Un autre appel à l’action est une invitation à élargir le champ de vision de notre communauté de fans : devenez les partisans ou les admiratrices et admirateurs d’un artiste, d’un acteur, d’un athlète ou d’un musicien qui semble ne pas ressembler à la plupart des autres. Aussi ouverts sur le monde, aussi interculturels et aussi divers que nous puissions être, aussi large que puisse être notre ouverture d’esprit, il y a toujours un groupe sous-représenté.

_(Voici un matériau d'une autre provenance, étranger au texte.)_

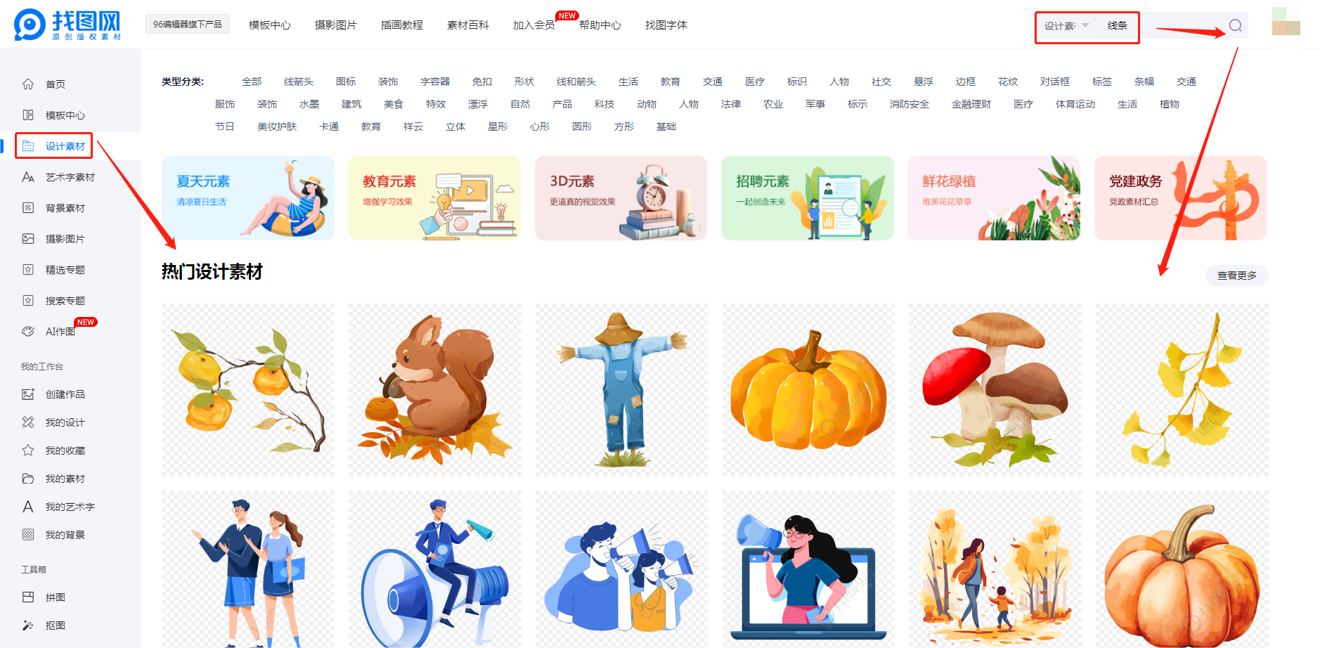 首先,在找图网设计素材频道,搜索想要的素材关键词,例如:线条;
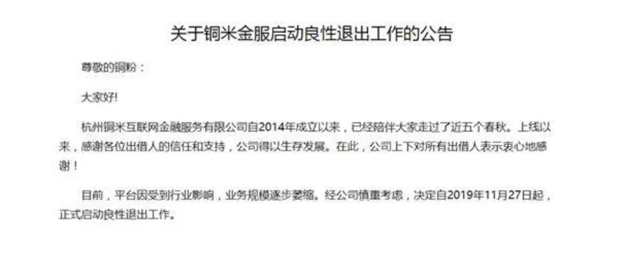 华夏能源网(www.hxny.com)注意到,在巨亏之下,铜掌柜于去年11月27日发布公告称,平台因受到行业影响,业务规模逐步萎缩。经公司慎重考虑,决定自即日起,正式启动良性退出工作。

Je pense qu’une telle attention débouche sur une relation plus profonde et sur une véritable appréciation, ce qui mène alors à d’autres formes d’exploration et d’engagement à l’égard d’expériences analogues, à un élargissement de nos horizons et à une prise de conscience de la nécessité d’apprécier le travail de ces créatrices et créateurs qui
représentent une beauté qu’inconsciemment, nous pouvons rejeter.
Après tout, la vie est belle.
Kenji Marui utilise les pronoms il/lui et fait partie de l’équipe pastorale de la Grace United Church à Sarnia, en Ontario. Il est également membre de l’exécutif du conseil régional d’Antler River Watershed et de la Table commune antiracisme.